In Python, multiple parsers exist to do so:
- `html.parser`: a built-in Python parser that is decent (especially when using recent versions of Python 3) and requires no extra installation.
- `lxml`: which is very fast but requires an extra installation.
- `html5lib`: which aims to parse web page in exactly the same way as a web browser does, but is a bit slower.
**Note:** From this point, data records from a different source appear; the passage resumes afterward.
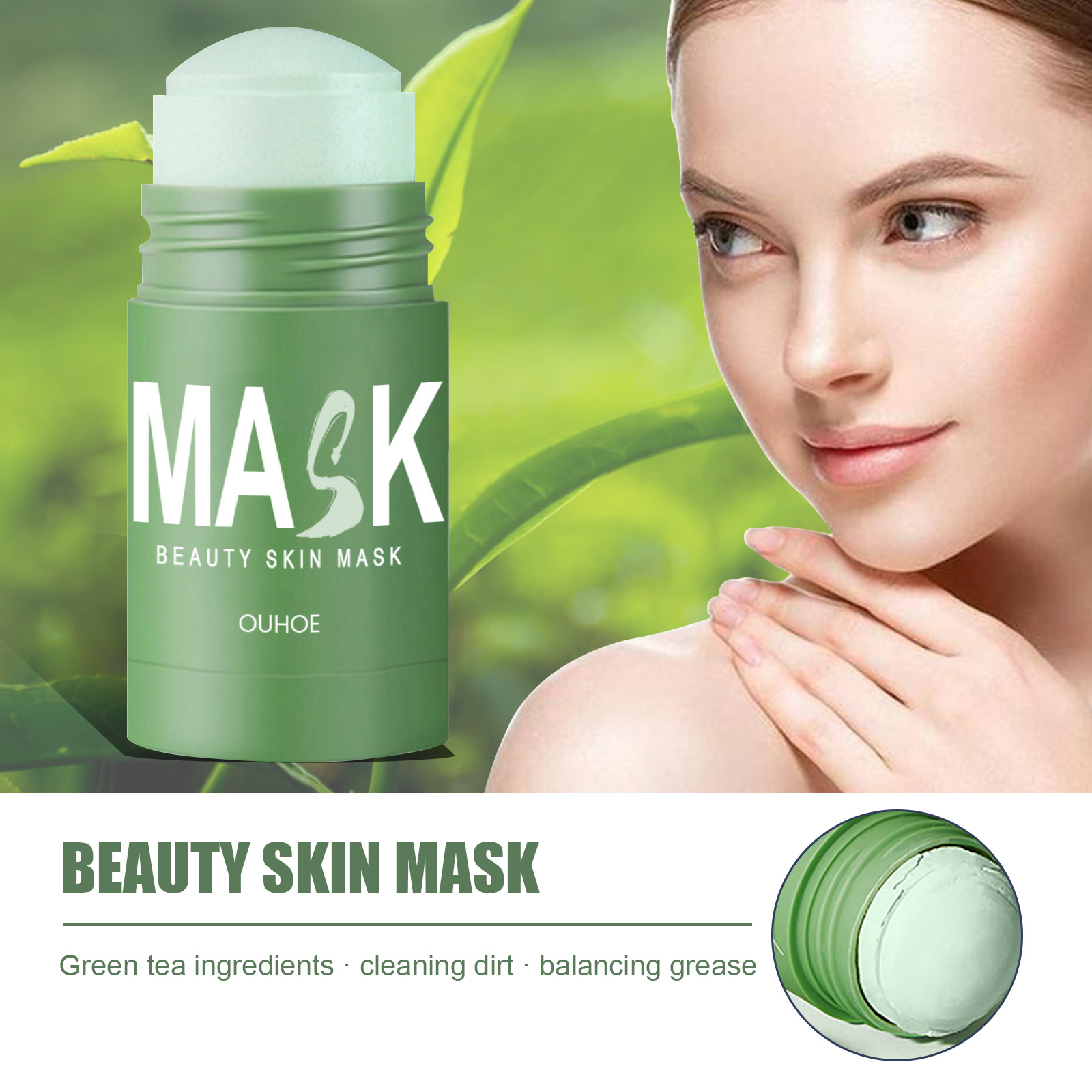 OUHOE Green Tea Mask Stick, Acne Blackheads Pimple Face Cleansing And Pore-Tightening Smear Mask Clay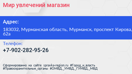 Мир увлечений, магазин по адресу 183032, Мурманская область, Мурманск, проспект Кирова, 62а в дальнейшем Организация, размещена в следующих категориях: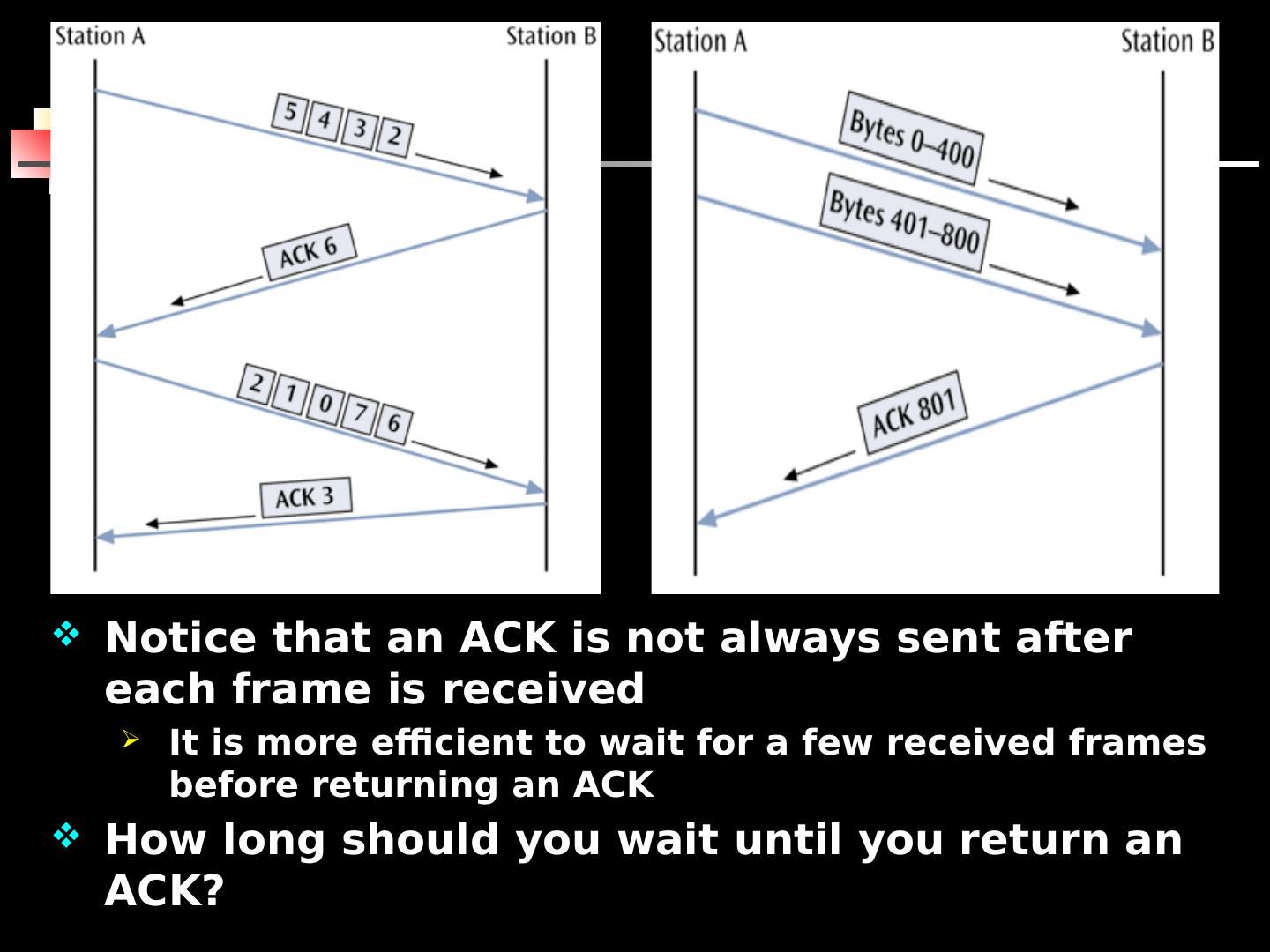 23 .Notice that an ACK is not always sent after each frame is received It is more efficient to wait for a few received frames before returning an ACK How long should you wait until you return an ACK? 23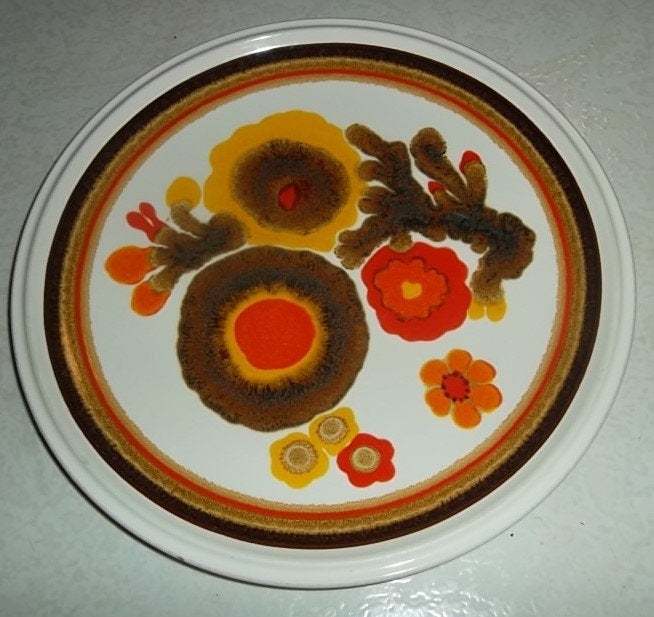 This plate has a retro 70's style, it is very hard pattern to find and is a rare find!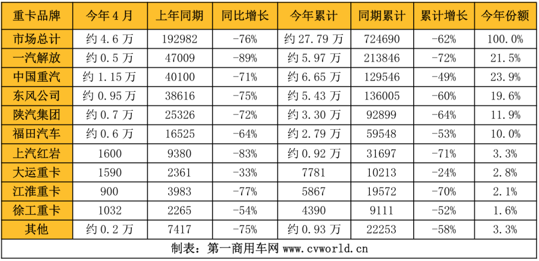 4月份過(guò)后,2022年1-4月的重卡市場(chǎng)累計(jì)實(shí)現(xiàn)銷(xiāo)售27.8萬(wàn)輛,比上年同期的72.5萬(wàn)輛下降62%,減少了44.7萬(wàn)輛之多!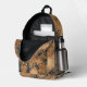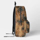 Le collage original de ZoeSPEAK sur ce sac à dos rappelle la carapace de tortue et le cuir, dans les tons marron de la crème caramel au chocolat noir. La poche zippée est conçue dans le style d'un sac à embrayage ou d'un sac à main, avec un rabat supérieur aux formes lisses ressemblant presque à des nuages. Son bord incurvé est surligné de perles d'or et d'une mince bordure dorée. Le motif continue sur le reste du sac à dos, mais avec une texture de lignes comme du verre craquelé sur les formes de nuages. Il y a une fermeture de volets au centre de la poche zipper, un disque rond fait du motif de glace craquelé, avec une fine bordure dorée. Au-dessus, il y a une sphère d'or avec un monogramme en noir. Le monogramme est configuré pour personnaliser, ou supprimer si vous le souhaitez.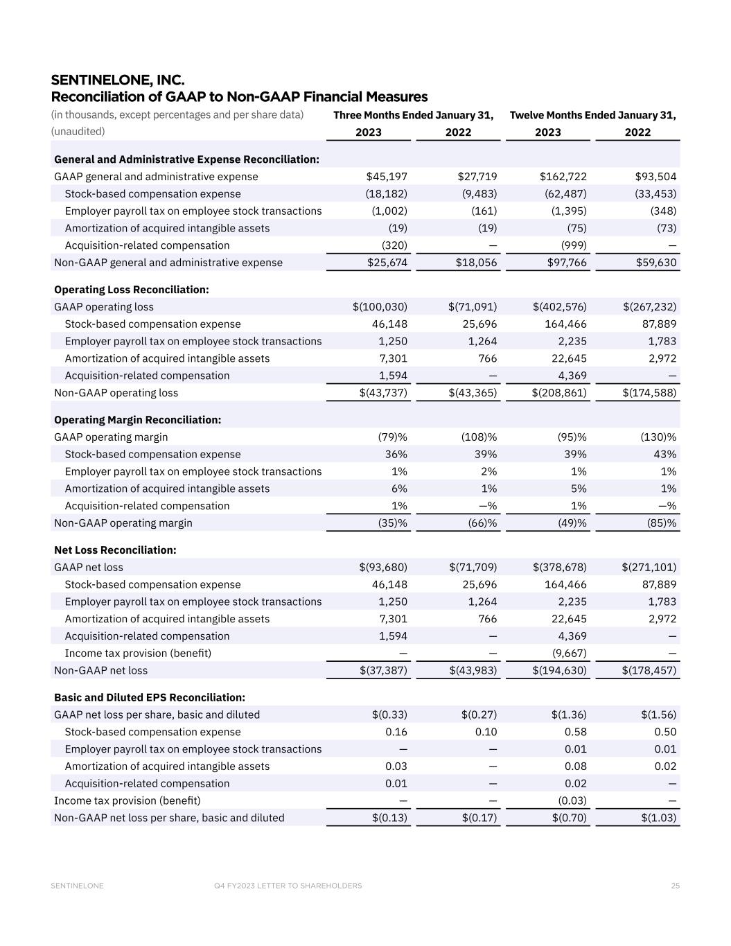 Q4 FY2023 LETTER TO SHAREHOLDERSSENTINELONE 25 Three Months Ended January 31, Twelve Months Ended January 31, 2023 2022 2023 2022 General and Administrative Expense Reconciliation: GAAP general and administrative expense $45,197 $27,719 $162,722 $93,504 Stock-based compensation expense (18,182) (9,483) (62,487) (33,453) Employer payroll tax on employee stock transactions (1,002) (161) (1,395) (348) Amortization of acquired intangible assets (19) (19) (75) (73) Acquisition-related compensation (320) — (999) — Non-GAAP general and administrative expense $25,674 $18,056 $97,766 $59,630 Operating Loss Reconciliation: GAAP operating loss $(100,030) $(71,091) $(402,576) $(267,232) Stock-based compensation expense 46,148 25,696 164,466 87,889 Employer payroll tax on employee stock transactions 1,250 1,264 2,235 1,783 Amortization of acquired intangible assets 7,301 766 22,645 2,972 Acquisition-related compensation 1,594 — 4,369 — Non-GAAP operating loss $(43,737) $(43,365) $(208,861) $(174,588) Operating Margin Reconciliation: GAAP operating margin (79)% (108)% (95)% (130)% Stock-based compensation expense 36% 39% 39% 43% Employer payroll tax on employee stock transactions 1% 2% 1% 1% Amortization of acquired intangible assets 6% 1% 5% 1% Acquisition-related compensation 1% —% 1% —% Non-GAAP operating margin (35)% (66)% (49)% (85)% Net Loss Reconciliation: GAAP net loss $(93,680) $(71,709) $(378,678) $(271,101) Stock-based compensation expense 46,148 25,696 164,466 87,889 Employer payroll tax on employee stock transactions 1,250 1,264 2,235 1,783 Amortization of acquired intangible assets 7,301 766 22,645 2,972 Acquisition-related compensation 1,594 — 4,369 — Income tax provision (benefit) — — (9,667) — Non-GAAP net loss $(37,387) $(43,983) $(194,630) $(178,457) Basic and Diluted EPS Reconciliation: GAAP net loss per share, basic and diluted $(0.33) $(0.27) $(1.36) $(1.56) Stock-based compensation expense 0.16 0.10 0.58 0.50 Employer payroll tax on employee stock transactions — — 0.01 0.01 Amortization of acquired intangible assets 0.03 — 0.08 0.02 Acquisition-related compensation 0.01 — 0.02 — Income tax provision (benefit) — — (0.03) — Non-GAAP net loss per share, basic and diluted $(0.13) $(0.17) $(0.70) $(1.03) SENTINELONE, INC. Reconciliation of GAAP to Non-GAAP Financial Measures (in thousands, except percentages and per share data) (unaudited)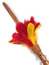 This beautiful piece of art is over 24" long, there are a total of 8 authentic tiger shark teeth, the wood used for this specific item is Koa and has woven loops of fibers also called olona (a Hawaiian shrub, the bark of which was valued as a source of strong, durable fiber). The spear can either be hung or mounted. Please note that the feathers arrangement may vary slightly".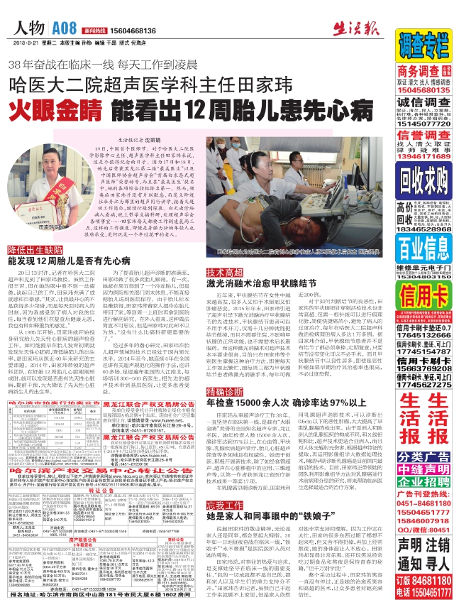 哈医大二院超声医学科主任田家玮火眼金睛能看出12周胎儿患先心病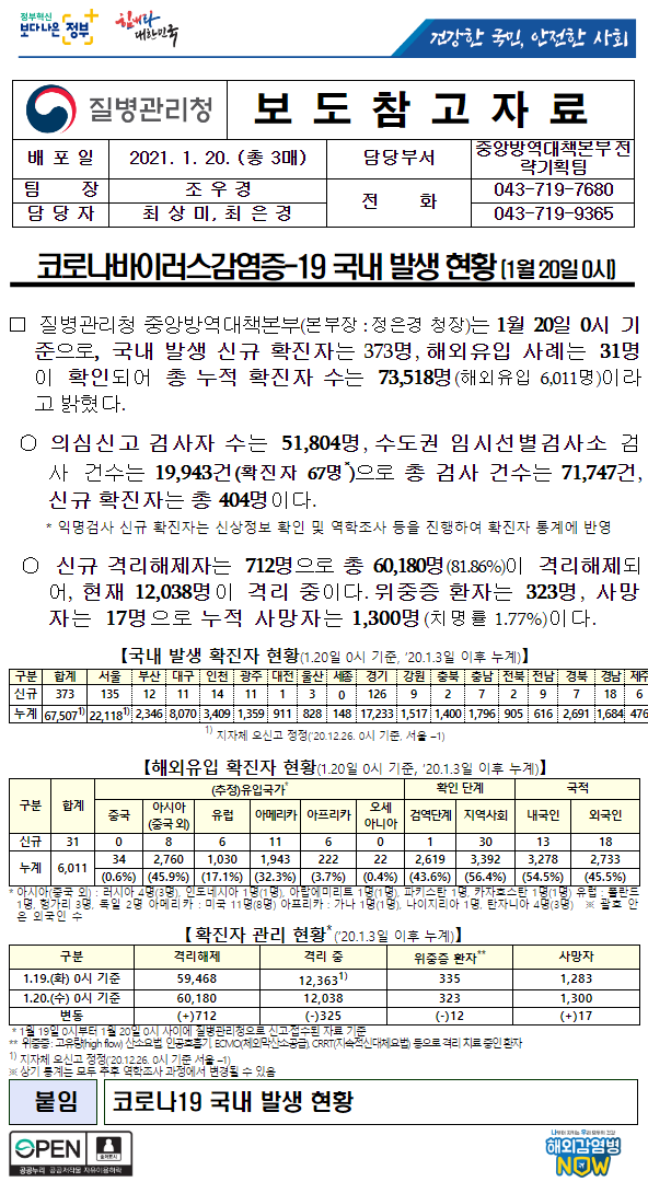 □ 질병관리청 중앙방역대책본부(본부장 : 정은경 청장)는 1월 20일 0시 기준으로, 국내 발생 신규 확진자는 373명, 해외유입 사례는 31명이 확인되어 총 누적 확진자 수는 73,518명(해외유입 6,011명)이라고 밝혔다.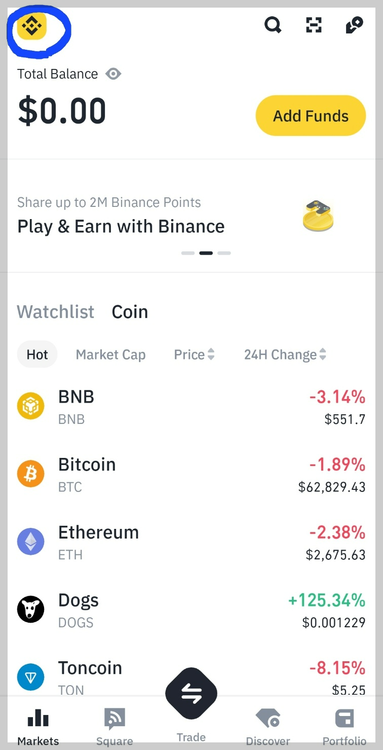 ① 첫 화면에서 왼쪽 상단의 바이낸스 마크 클릭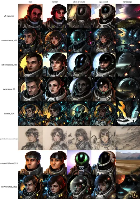 生成時に画像に影響を与えるキーワードとして「starsector」を使用します。すべての例は、非常にシンプルなプロンプトで作成されています。「starsector、________の写真」といった、それ以上のものではありません。
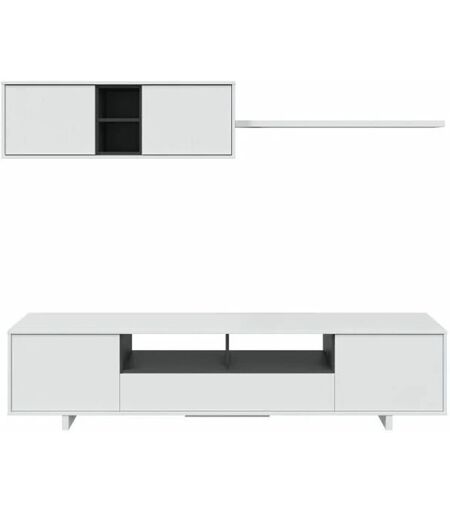 Description générale Ce meuble TV moderne, disponible en blanc brillant et gris anthracite, est conçu pour optimiser l'espace de votre salon tout en offrant une touche décorative. Avec ses lignes épurées et son design contemporain, il s'intègre parfaitement dans tout type de décoration intérieure. Il comprend un meuble bas avec 3 portes et un meuble haut avec 2 portes, ainsi qu'une étagère murale, offrant ainsi de multiples options de rangement pour votre télévision et vos objets personnels. Spécifications techniques Dimensions : 200 cm (largeur) x 46 cm (hauteur) x 41 cm (profondeur) Poids : 54 kg Matériau : Panneaux de particules mélaminés de haute qualité Épaisseur des panneaux : 15 mm et 30 mm Coloris : Blanc brillant et gris anthracite Fabrication européenne Compatibilité et accessoires Compatible avec la plupart des téléviseurs jusqu'à 40 kg Inclus : instructions de montage, matériel et outils nécessaires Installation Nécessite un assemblage Instructions détaillées fournies pour ...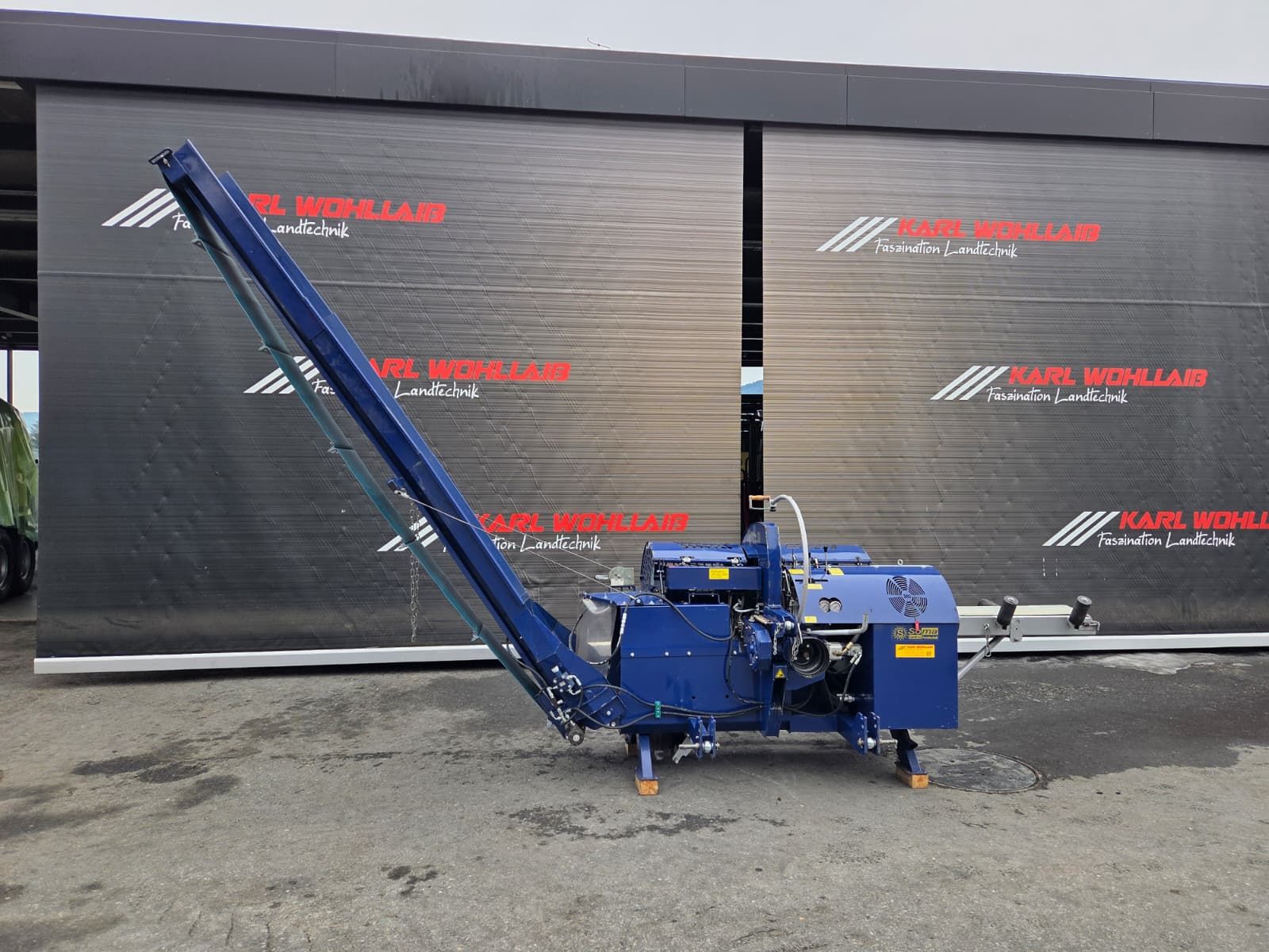 Tajfun RCA 380 - Baujahr 2007 - 7x Ersatzkette - 8 fach Spaltkeil - 6 fach Spaltkeil - neues Förderband - Hebetisch DM 1511 (Baujahr 2007) zum heben und fördern von Stämmen - Schnittdurchmesser 10-38cm - Schnittlänge 25-50cm - Hydraulischer Ausschub des Förderbandes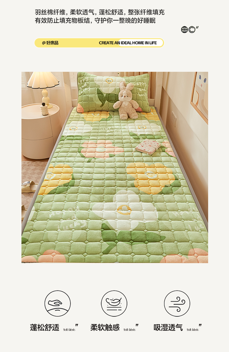 商品名称:卡伦家纺 2025新款A类牛奶绒夹棉加厚床垫学生宿舍单人床垫 花之谷

- `find(name, attrs, recursive, string, **keywords)`
- `find_all(name, attrs, recursive, string, limit, **keywords)`

In [20]:
html_soup.find('h1')

<h1 class="firstHeading" id="firstHeading" lang="en">List of <i>Game of Thrones</i> episodes</h1>

In [21]:
html_soup.find('', {'id':'firstHeading'})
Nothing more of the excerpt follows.